By Lynda Williamson
The SNP has challenged the anti-independence parties to reveal their policies aimed at tackling growing income inequality across the UK.
The call comes as the Scottish Parliament returns from its summer break and after a devastating report this week from the National Children’s Bureau. The report, published as the children’s charity marks its 50th birthday, found that as many as 1.5 million more children are growing up in poverty today than in 1973.
Entitled Great Expectations, the study used data from a ground breaking national cohort investigation published in 1973 to compare the lives of children then with those of children growing up in the UK today. As well as the increased number of children living in poverty they found that children living in deprived areas were much more likely to be obese or to be the victim of unintentional accident/injury in the home.
The earlier 1973 report found a clear relationship between growing up in disadvantaged circumstances and reduced attainment in later life.
The Bureau's Chief Executive Dr Hilary Emery commented on the findings saying:
“Our analysis shows that despite some improvements, the inequality and disadvantage suffered by poorer children 50 years ago still persists today. There is a real risk that as a nation we are sleep walking into a world where children grow up in a state of social apartheid, with poor children destined to experience hardship and disadvantage just by accident of birth, and their more affluent peers unaware of their existence.”
Commenting, SNP MSP Annabelle Ewing said:
“The stark figures in this report on the failure of the UK to tackle child poverty and inequality are a serious challenge to those anti-independence politicians who continue to argue that Scotland should not have the powers over taxation and welfare that are needed to properly address inequality.
“This report sets out the reality for many people of decisions being made at Westminster. Despite Scotland being a wealthy and resource-rich country, the UK remains one of the most unequal societies in the developed world, and has been for some time - no matter which party is in Government at Westminster.
“The decision-making powers devolved to Scotland through the Scottish Parliament have been used wisely to make Scotland a better place to live, to improve opportunities for those looking for work or training, to ensure support for our elderly, for young parents and for those in need of a home.

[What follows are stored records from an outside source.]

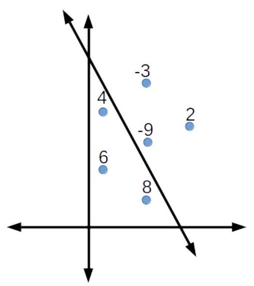 你知道每个兔子的位置和它们代表的善意值:好兔子是正数,坏兔子是负数。没有两只兔子会在同一个地方。 现在你要用一条直线把它们分成两组,让一边的兔子善意值总和尽可能大。这条直线上的兔子,它的善意值会同时算到两边去。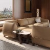 - Upholstery available in Pelle Frau® leather or removable fabric, enhanced with stitching along the edges and on the surface.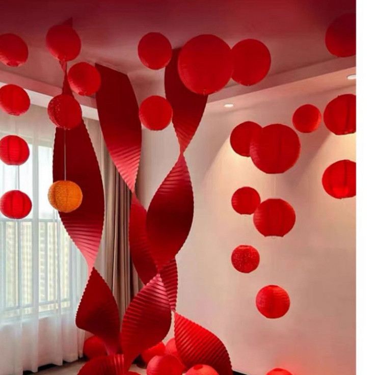 (ĐỎ RỰC) Tết Nguyên Đán Rực Rỡ Với Hoa Giấy Nhún Sáng Tạo, Đèn Lồng, Dải Giấy Xếp Ly Decor Tết Xinh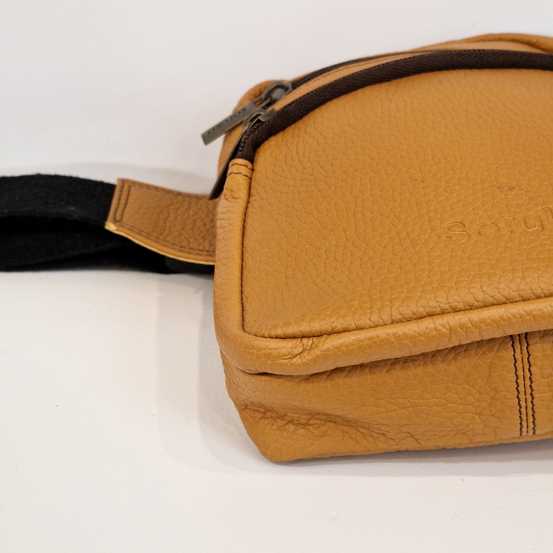 Bolsa de cintura castanha com cintos pretos e fechos de correr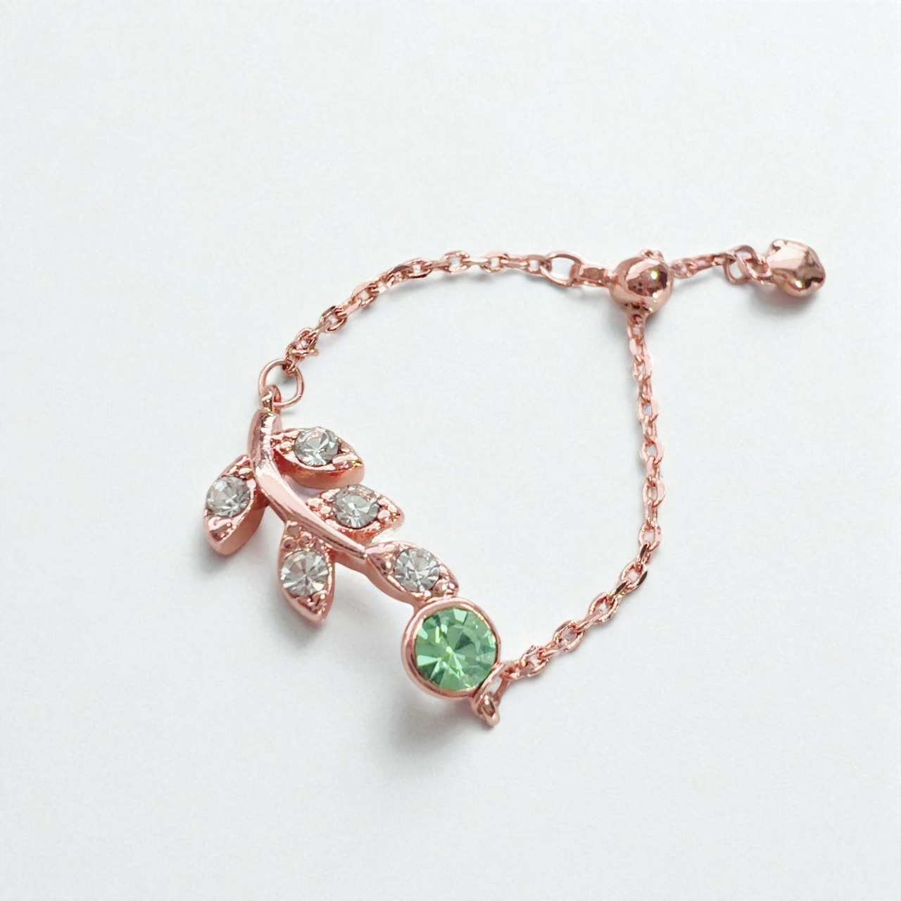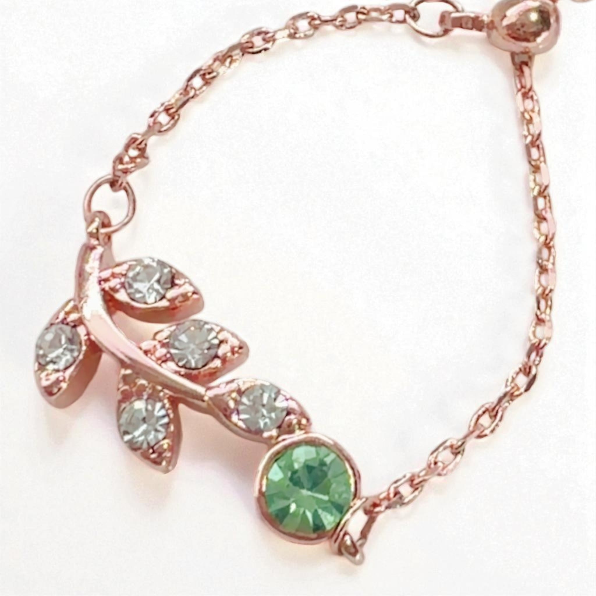 淡い色合いのグリーンストーンは癒しと調和のエネルギーを、クリアストーンは浄化と純化のエネルギーを表してます。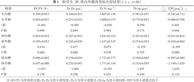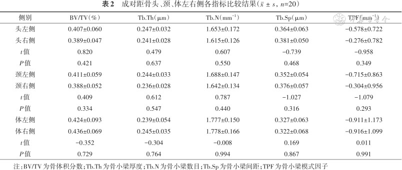 | 侧别 | BV/TV(%) | Tb.Th(μm) | Tb.N(mm-1) | Tb.Sp(μm) | TPF(mm-1) |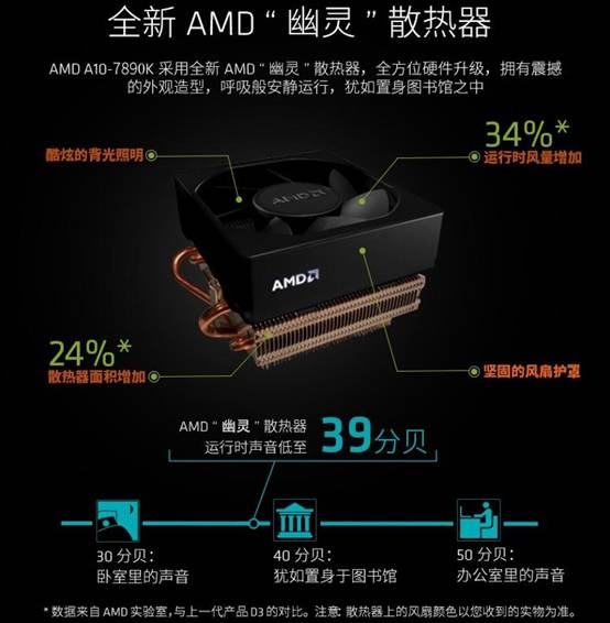 作為目前AMD APU系列王者地位的整合產(chǎn)品,A10-7890K在CPU與GPU頻率和性能上已經(jīng)達(dá)到目前的最強(qiáng)級(jí)別,性能相提升同時(shí),對(duì)功耗進(jìn)行了全面的優(yōu)化使TDP控制在95W的水平上。而最重要的革新是搭載的全新“幽靈”散熱器,在外觀設(shè)計(jì)性能方面可以說是做到完美的提升,效果方面甚至達(dá)到了市面上主流第三方散熱器的水準(zhǔn)。這一革新使用戶得到看得到實(shí)惠節(jié)約了預(yù)算獲得了良好的體驗(yàn)。這無疑是AMD送給廣大用戶的一大福利,更加詮釋了其“選擇AMD,得到更多”的真誠(chéng)理念。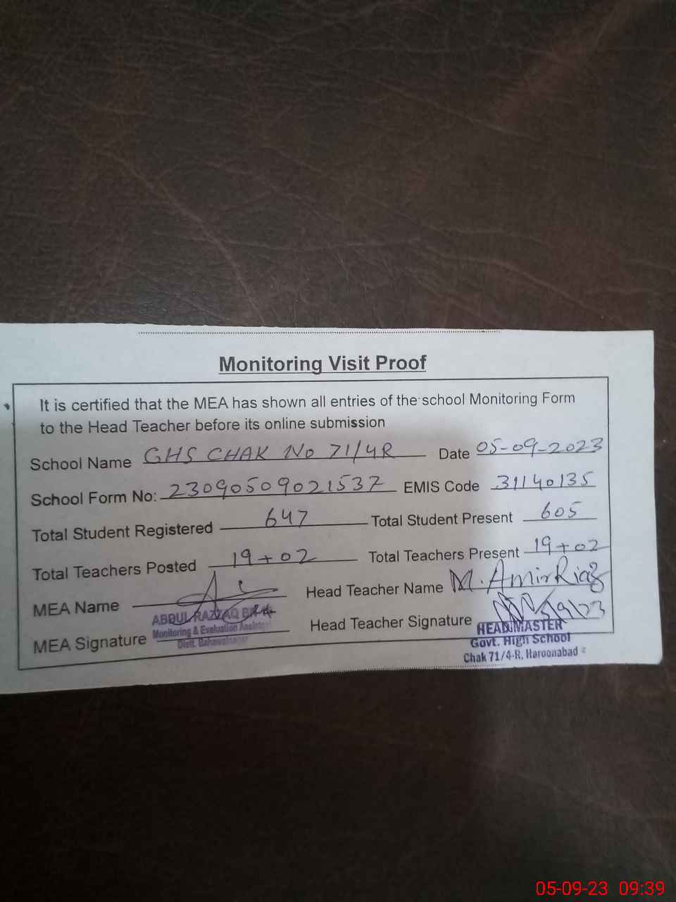 | EMIS Code: 31140135 | Name of School: GHS CHAK NO 71/4-R | |||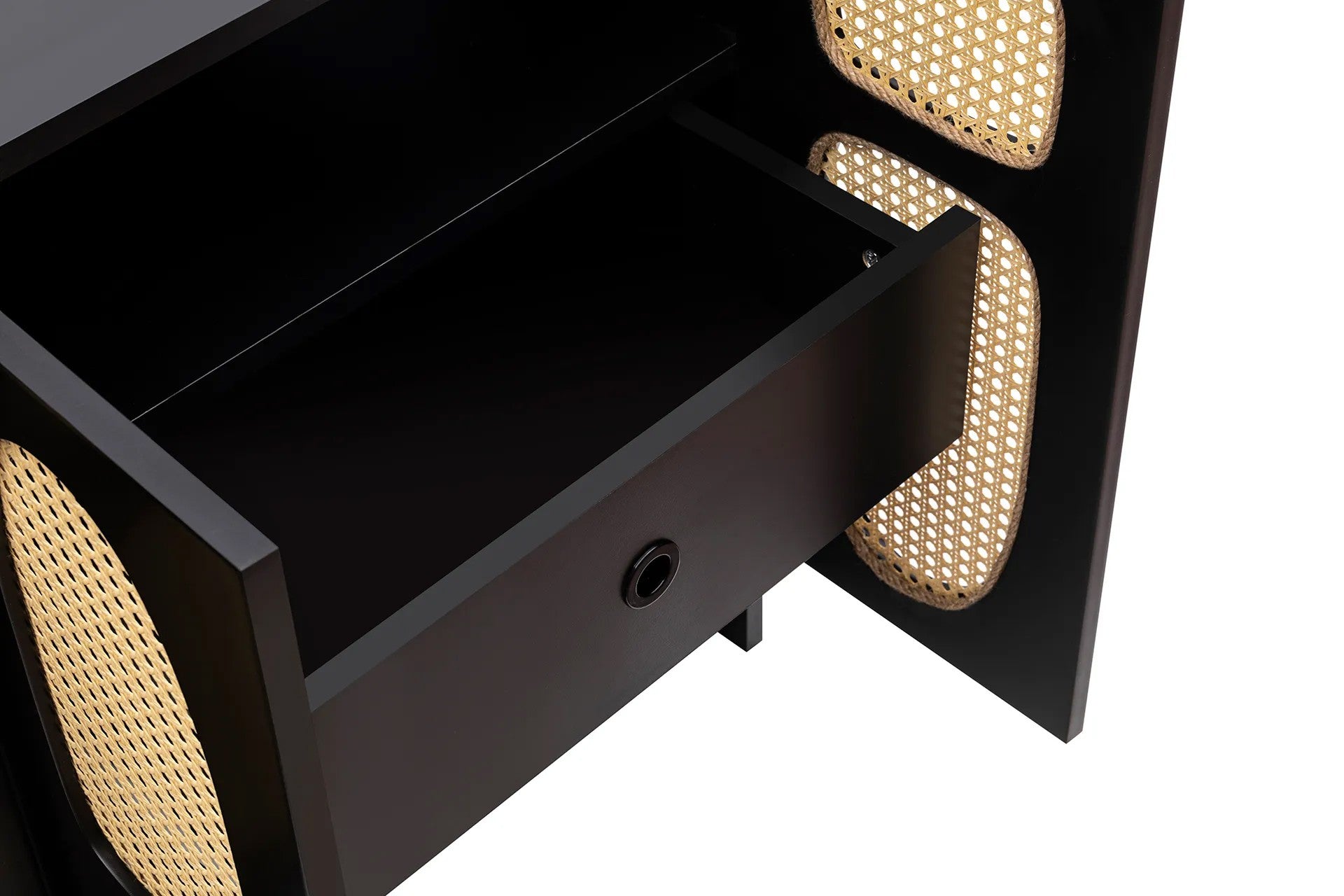 A consola apresenta-se numa cor preta impressionante, acrescentando um toque de drama e elegância a qualquer divisão. O seu design elegante e intemporal complementa sem esforço qualquer decoração existente, tornando-a uma peça versátil que pode ser perfeitamente integrada na sua casa.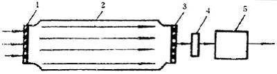 1-入口膜;2-衰變筒;3-出口膜;4-流量計(jì);5-抽氣泵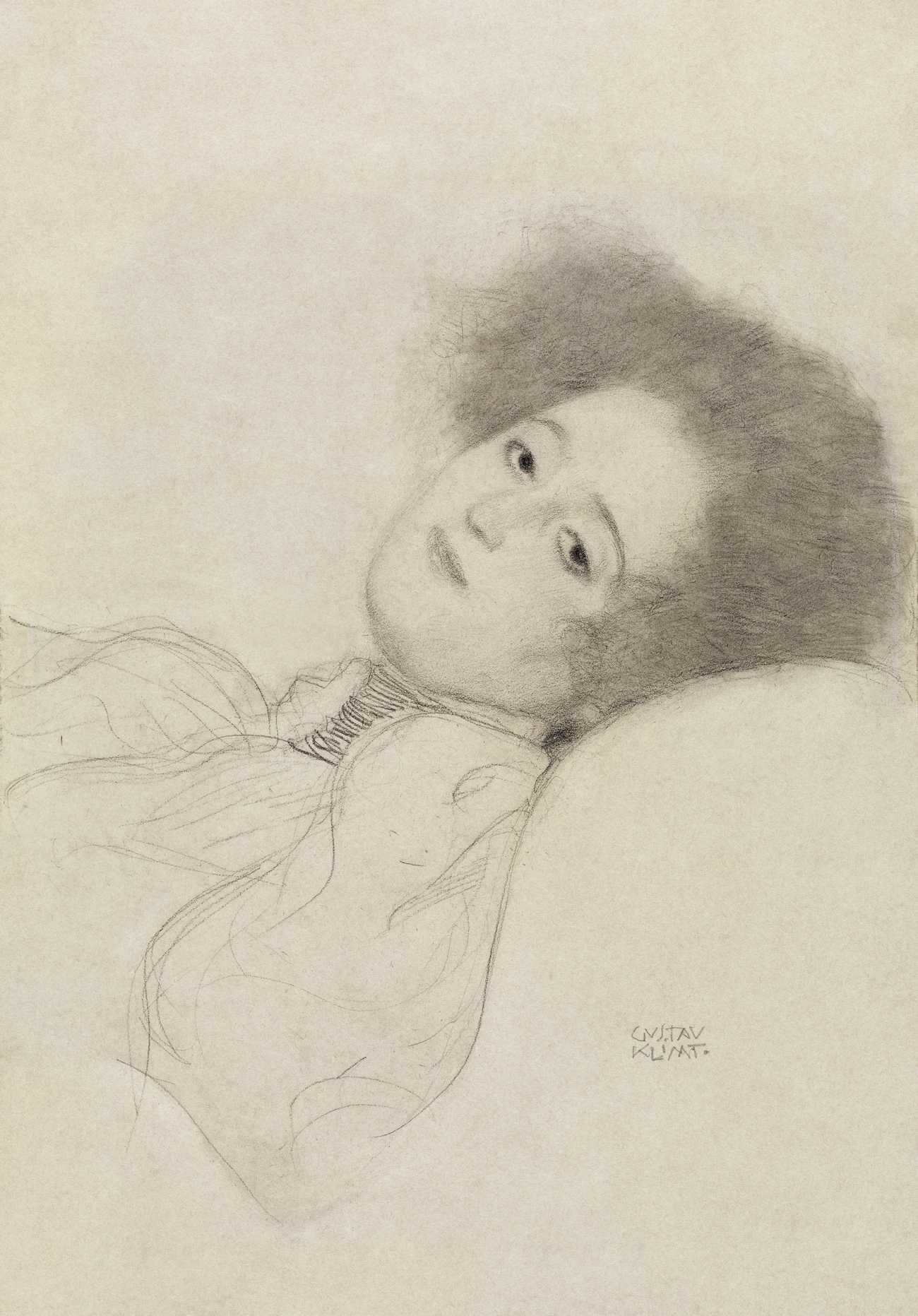 Gustav Klimt’s Portrait of a Young Woman Reclining (1897–1898) is a delicate black chalk sketch that marks a significant turning point in his artistic style. It is an example of his transition from conventional decorative painting toward the Symbolism of the Vienna Secession movement. The drawing is housed at the Getty Museum in Los Angeles.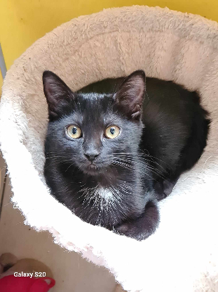 Elle aime jouer et adore la gamelle... C'est une adorable minette avec une robe magnifique quelque peu peureuse encore pour le moment.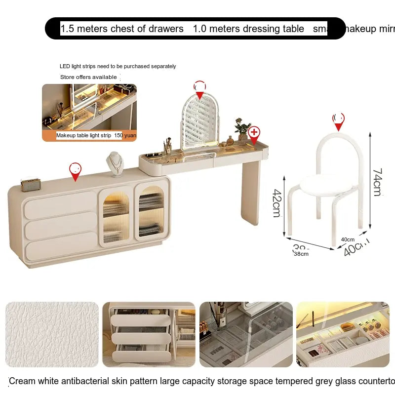 • Two or more spacious drawers for versatile storage, making it easy to keep personal items and cosmetics neatly arranged.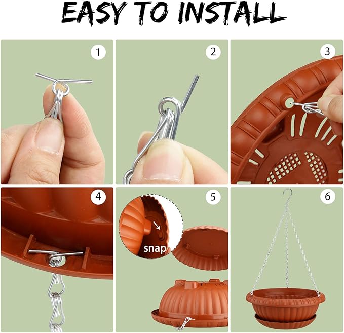 - Easy to install: Two kinds of chains are shipped randomly. Passing the metal chain through the holes on the edge of the planters to install the chain. Snapping the protrusion of the tray into the groove at the bottom of the pots to install the tray. Refer to detailed pictures and videos.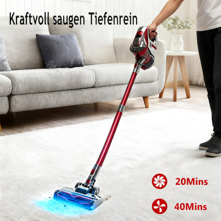 Der wiederaufladbare Stick Staubsauger wird mit einem abnehmbaren Akku mit großer Kapazität und 2 einstellbaren Saugmodi geliefert, die maximale Laufzeit kann bis zu 40 Minuten (unter dem minimalen Saugmodus) erreichen, um Ihre täglichen Reinigungsbedürfnisse zu erfüllen.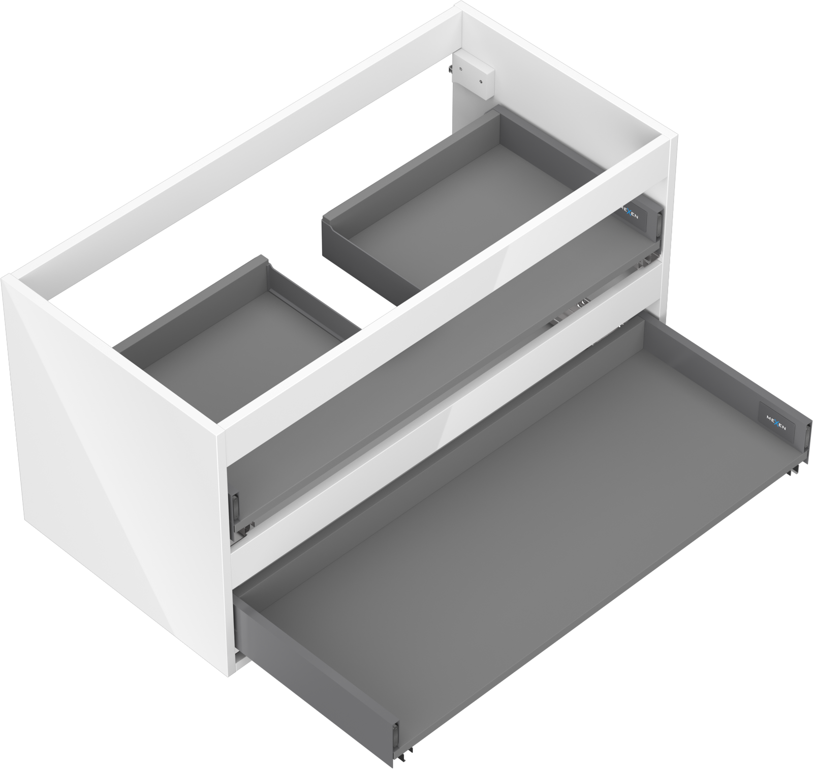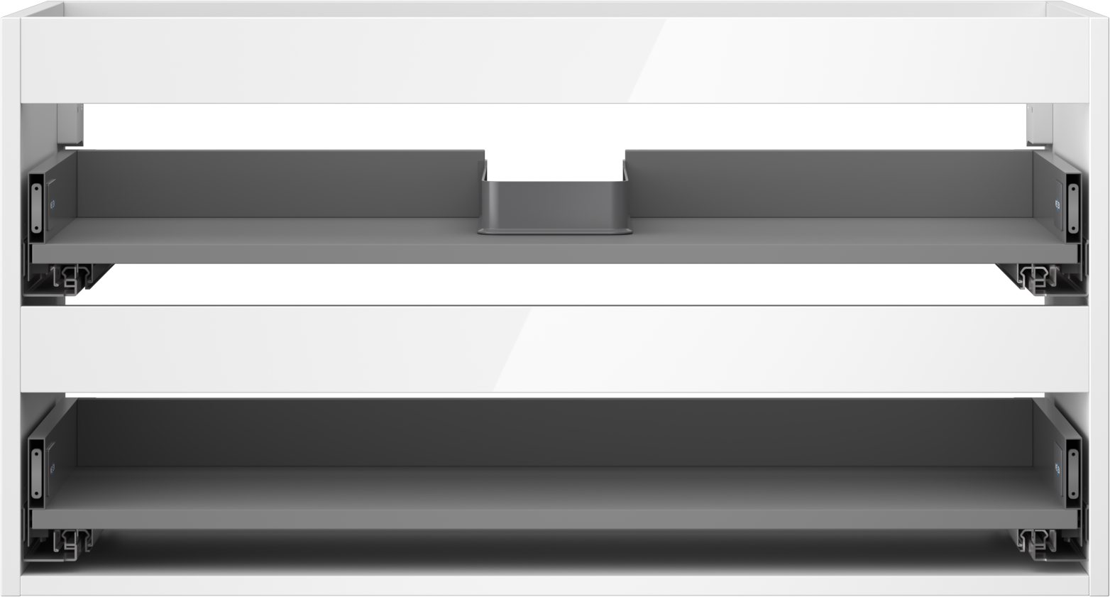 Изрезът в чекмеджето е проектиран по такъв начин, че да побере сифона, който е необходим в мивковите инсталации. Благодарение на това мебелът може да бъде монтиран напълно функционално, без да се налага отказване от пространството в чекмеджето заради инсталацията.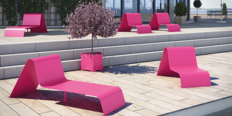 Trendy Loungemøbler i stål, som kan produseres i den fargen du måtte ønske. Her kan du virkelig sette farge på tilværelsen! Med sitt organiske design, som nærmest imiterer bølger, ble AQUARIUS et selvsagt navn på denne serien.

But until Scotland gains full control of its own finances, and is able to develop our own system of welfare, benefits and taxation, we will continue to be at the mercy of decisions taken remotely that limit our ability to do the best we can.
“The No campaign simply cannot explain why Scotland should not make the decisions over welfare and taxation that would enable us to take the action we need to deliver growth, improve living standards and tackle inequality.
“As this report shows, the status quo simply isn’t good enough and the no campaign are offering nothing that would allow Scots to change the situation.
"Scotland is a wealthy country, and only a Yes vote in next year’s independence referendum puts Scotland’s future in Scotland’s hands – giving us the economic powers that we badly need to help us build a fairer, more prosperous society.”